Over the years he has seen many changes to the town's landscape but as retirement beckons, the veteran businessman feels that the future is bright for the town he loves.

"Thirty years ago, you used to walk down the 'Back Street' (Market Street) and it would have been the same as walking down O'Connell Street in Dublin. People were rubbing shoulders; you'd hardly have got down it. We're also missing the old iconic buildings such as the Town Hall.

"The town is starting to improve and I think its future is bright. It's great to see more businesses coming into the town and that's good for its development. Any thriving town has to have variety."

 

Asked what he believes the success of his menswear store has been, Mr Kirk puts it all down to the quality of goods and service. "It's the personal touch you get when you walk into a store. I can have a man measured up within seconds of him stepping through the doors without the need for a measuring tape," he continued.

"In the big department stores you pick it off the rail yourself and that's it whereas if you come into me or somewhere like this you get the education as regards fittings and quality etc. If the quality of goods and service is there people will always come back. My business comes in from all over the North West."

Looking ahead to retirement, the life-long Gael who helped establish Sigersons GAA Club is looking forward to devoting more time to the things he enjoys outside of work.

"I'm not a man for holidays. I'd rather go to our back gate," he laughed. "I help around St Pat's Hall doing a bit of volunteering so I'd like to devote more time to that as well as the church and Fr Boland.

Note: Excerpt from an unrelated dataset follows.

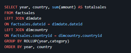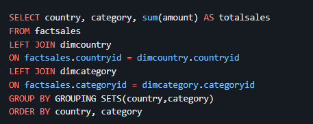 - Requête cumulative utilisant les colonnes pays, catégorie, ventes totales, pour obtenir les ventes totales par pays et par catégorie.

"Most of my life I've been involved with Gaelic as well. I started off Sigersons. At that time I was also involved in the County Board. I was known as one of the 'Breakthrough Men' of 1967. Fr Denis Faul and I were in charge of the Tyrone minor team who won the All-Ireland. We'll see how it unfolds when the time comes (to step down) but I'm sure I'll keep myself busy - I'll not be sitting in the house anyway."

Before Mr Kirk departs, he is currently holding a 'retirement sale' but he hopes to have vacated the premises by the end of September.

"I've enjoyed my time. It's breaking my heart (to retire).... but due to health and age of course now is the time. I'm hoping that someone will take over the shop. I would hate to see it close down completely," he said.

"It is a great stand and well established with customers coming from all over. If the right person had this place, you could make a go at it. It's a good business with a good customer base and it's in a prime location in the town centre.

"I'd like to thank all my loyal customers from right across the North West who have been very good to me over the years. The support has been unbelievable. As I've said before, Strabane is a lovely town to do business in.

"I'd also like to thank my family. Lillian, my wife and daughter, Aine, have been gently pushing me to step down. They have been a great support throughout my time here, especially Lillian. I've been a diabetic since I left school. I have to take four injections a day and only for her keeping me right, I don't know what I would have been done. She's fabulous and she has been my rock. Aine has also been fantastic.

"I've no definite date yet for stepping down. I still have a fair amount of stock to get rid off but I'm hoping to be out by the end of September," he added.